Bathsheba Everdene

It’s a name to fall in love with. Bathsheba Everdene. Bathsheba Everdene. Say it out loud a few times. Roll it around the tongue a couple more. Magical.

And fall in love, I did, with that feisty miss – one who was before her time. Looking back, I initially presumed I would have given her my heart from the print version, rather than the one projected up there on the big screen. There was, of course, no VHS or DVD back then as the sixties imploded and turned the corner into the next decade. After all, I had spent my uni years working through the remaining Hardy novels after first encountering him via the tragic Tess in Year 12. She also caused, in me, much inner longing – for what, I wasn’t quite sure.
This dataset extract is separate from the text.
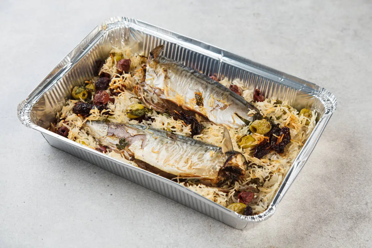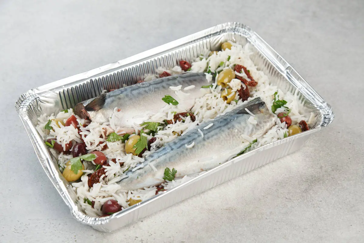Рецепт «Скумбрия с рисом, вялеными томатами и оливками»

Julie Christie Far from the Madding Crowd

But, having completed my due diligence, the ether told me the film was released in 1967 and therefore the Bathsheba I was first so enamoured of must have been the Julie Christie version. It’s so long ago now that I viewed this film version and read the novel of ‘Far From the Madding Crowd’. I remember the sheep falling off the cliff and the stolid farm hand, played back then by Alan Bates (who else?), treating Miss Everdene’s flock for the bloat. And I could bring back how dashing Terence Stamp looked in his uniform playing the cad, wooing our heroine for a fast shilling to get him out of debt. He seduced her in no time flat despite the worthy Gabriel Oak, the farm hand, having stuck by her through thick and thin – completely besotted. After she pranked unfortunate rich neighbour on Valentines Day, William Boldwood (Peter Finch) was also pursuing her hand and being driven almost insensible by her constant refusals.
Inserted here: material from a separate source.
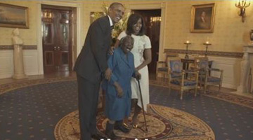 2016-04-23 05:47:11台媒称,106岁的非裔老人麦克劳林(Virginia McLaurin)一生看到18位美国总统轮替,但这位百岁人瑞在见到奥巴马夫妇一面后,才终于实现一辈子的梦想。根据白宫上传的视频,参观白宫的麦克劳林老太太见到奥巴马和第一夫人米歇尔时,手脚灵活的她挥舞手杖雀跃不已。[详细]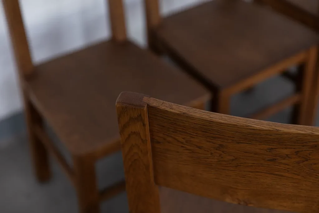 Made of oak, the chairs feature a robust yet elegant structure. The rectangular backrest and simple seat reflect the principles of New Objectivity, emphasizing reduction to the essential and practical functionality.

So, with a fond memory of a bygone infatuation, I traipsed off to see the 2015 version of the great work a few weeks ago, optimistically expecting the new Bathsheba, Carey Mulligan, to entrance me as much as her predecessors.

madding crowd

I was not let down. I enjoyed every moment of it – and the story came back to me almost in its entirety, even if I still could not recall how it was all going to pan out. The resurrection of Frank Troy, the slimy soldier-cove was still a great surprise. This time around Tom Sturridge played the execrable, but charismatic, gold-digger to the hilt of oiliness, with the marvellous Matthias Schoenaerts compelling as the faithful Oak. ‘Masters of Sex’ leading hand Michael Sheen ably filled Finch’s shoes as the lovelorn elder suitor. And, as for Carey, if she didn’t win you over as Daisy in ‘The Great Gatsby’, she’s sure to in this. As Bathsheba she takes on a man’s job with steely determination and is the independent woman personified, that is until she’s completely undone by the odious Frank Troy. She would not ride side-saddle, she would not be bidded down for her grain seeds just because she was a woman and she proclaimed she would not give herself in wedlock for gain She’d do it only for love. Ha!

madding crowd01

Starring beautifully, as well, was the lush Dorset countryside, with director Thomas Vinterberg ably recreating the descriptions of landscape that Hardy mastered for the printed page. And if you like the director’s take on this classic, look out for a DVD copy of his chilling tale of what can go wrong in the classroom with his astounding ‘The Hunt’. Mads Mikkelsen steals the show in that harrowing journey, but in it there’s no one to match the sublime Carey Mulligan as Bathsheba Everdene, Bathsheba Everdene, Bathsheba Everdene……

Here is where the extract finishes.